Sensitive Quantification of Therapeutic Oligonucleotides Extracted from Plasma

Importance of the Topic

Advances in antisense oligonucleotides (ASO) and siRNA therapies are unlocking new treatment options for previously undruggable targets. Sensitive and specific bioanalytical methods are essential to track pharmacokinetics, metabolism, impurities and ensure safety and efficacy in clinical and preclinical studies.

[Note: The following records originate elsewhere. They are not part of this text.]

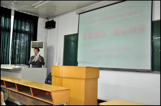 9月21日上午9点30分,“国培计划(2011)”初中生物置换脱产班在m88官方网站登录地址继续教育公司三楼报告厅举行了“珍惜国培潜心研修”的主题班会。
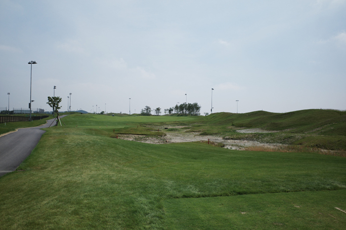 WEST 6번홀은 171m 길이의 파3로, 파3홀 중에 가장 길다. 코스 왼쪽은 대부분이 해저드인데, 아직 물이 채워져 있지 않아 휑한 느낌이 든다.
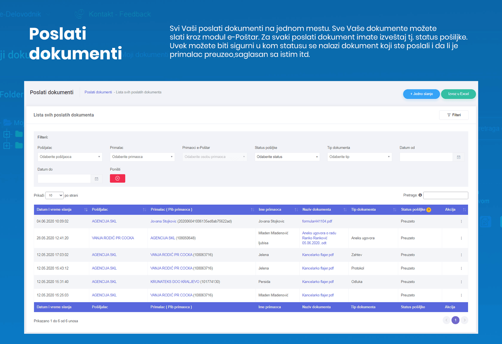 - Slanje bitnih dokumenta zaposlenima, koji nisu korisnici Kancelarka, sa statusima pošiljke
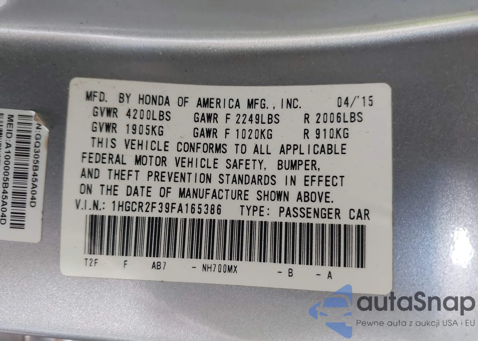VIN: 1HGCR2F39FA165386
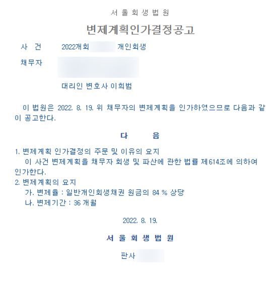 해당 사례의 채무자는 변제기간 36개월에 변제율은 채무 원금의 84% 상당으로 최종적으로 변제계획안이 인가되어 3개월째 월 변제금을 성실히 회생위원의 계좌로 임치하고 계십니다.
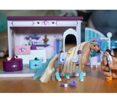 You love pampering your horse...Mr. Mitchell's Pop-Up Horse Grooming Boutique is the perfect destination! Sofia's Beauties visit the pop-up shop in the city to make new friends and to give their horses a little TLC. Loaded with horse beauty accessories, the Pop-Up Horse Boutique playset is the go-to spot for horse fashion!

Objectives and Study Overview

This study aimed to develop and validate a robust, high-sensitivity LC-MS/MS assay for quantifying a fully phosphorothioated 20-mer ASO in human plasma. The method leverages the SCIEX QTRAP 6500+ system to achieve a low limit of quantification and broad dynamic range.

Materials and Methods

Sample Preparation

• Double liquid–liquid extraction using phenol:chloroform:isoamyl alcohol and chloroform
• Addition of Tris-HCl, EDTA and ammonium hydroxide for protein removal
• Drying and reconstitution in water with EDTA

Chromatography

• Agilent 1290 Infinity UHPLC with Phenomenex Oligo-XT column (2.1×50 mm, 2.6 μm)
• Mobile phases: 15 mM DIEA/100 mM HFIP in water and in methanol
• Gradient from 15% to 90% organic, 300 μL/min flow, column at 60 °C

Mass Spectrometry

• QTRAP 6500+ with IonDrive Turbo V source operated in negative mode
• Source gases and voltages optimized for minimal in-source degradation
• Information dependent acquisition using EMS to select precursors and EPI for product ion identification
• MRM transitions optimized for the −10 and −9 charge states

Data Processing

• Analyst and SCIEX OS-Q Software for method development and quantification
• Linear regression with 1/x2 weighting for calibration

Used Instrumentation

• SCIEX QTRAP 6500+ LC-MS/MS system with IonDrive QJet Ion Guide and linear ion trap functionality
• Agilent 1290 Infinity UHPLC
• Phenomenex Clarity Oligo-XT column

Main Results and Discussion

• Charge states from −4 to −11 were observed; the −10 and −9 charge states provided the highest signal for MRM selection.
• Enhanced product ion (EPI) scans delivered 6- to 15-fold improvements in sensitivity and superior resolution compared to standard product ion scans.
• Sodium adduct formation was limited (~2%), indicating effective system cleanliness.
• Three MRM transitions (716.6→392.1, 716.6→319.1, 716.6→733.3 for −10 state) were chosen following collision energy optimization.
• Calibration range of 0.2–1000 ng/mL achieved across 3.5 orders of magnitude (r = 0.995).
• LLOQ of 0.2 ng/mL demonstrated accuracy within ±15% and precision below 20%.

Benefits and Practical Applications

• Offers superior specificity over hybridization assays by distinguishing full-length oligonucleotide, metabolites and impurities
• Broad dynamic range accommodates low-level exposure studies and high-dose pharmacokinetics
• Rapid on-column optimization accelerates method development in support of drug discovery and preclinical research

Future Trends and Potential Applications

• Integration of ultra-high resolution MS and nano-flow chromatography for even lower LLOQs
• Implementation of automated sample prep and high-throughput workflows
• Expansion to multiplexed quantification of multiple oligonucleotides and their metabolites
• Application of machine learning for deeper spectral deconvolution and adduct prediction

Conclusion

The validated QTRAP 6500+ LC-MS/MS assay delivers a robust, sensitive and specific platform for ASO quantification in plasma, achieving sub-nanogram limits and a wide dynamic range. This approach supports the growing demand for precise bioanalysis of oligonucleotide therapeutics.

References

1. Iwamoto N et al. Control of phosphorothioate stereochemistry substantially increases the efficacy of antisense oligonucleotides. Nat Biotechnol. 2017;35(9):845-851.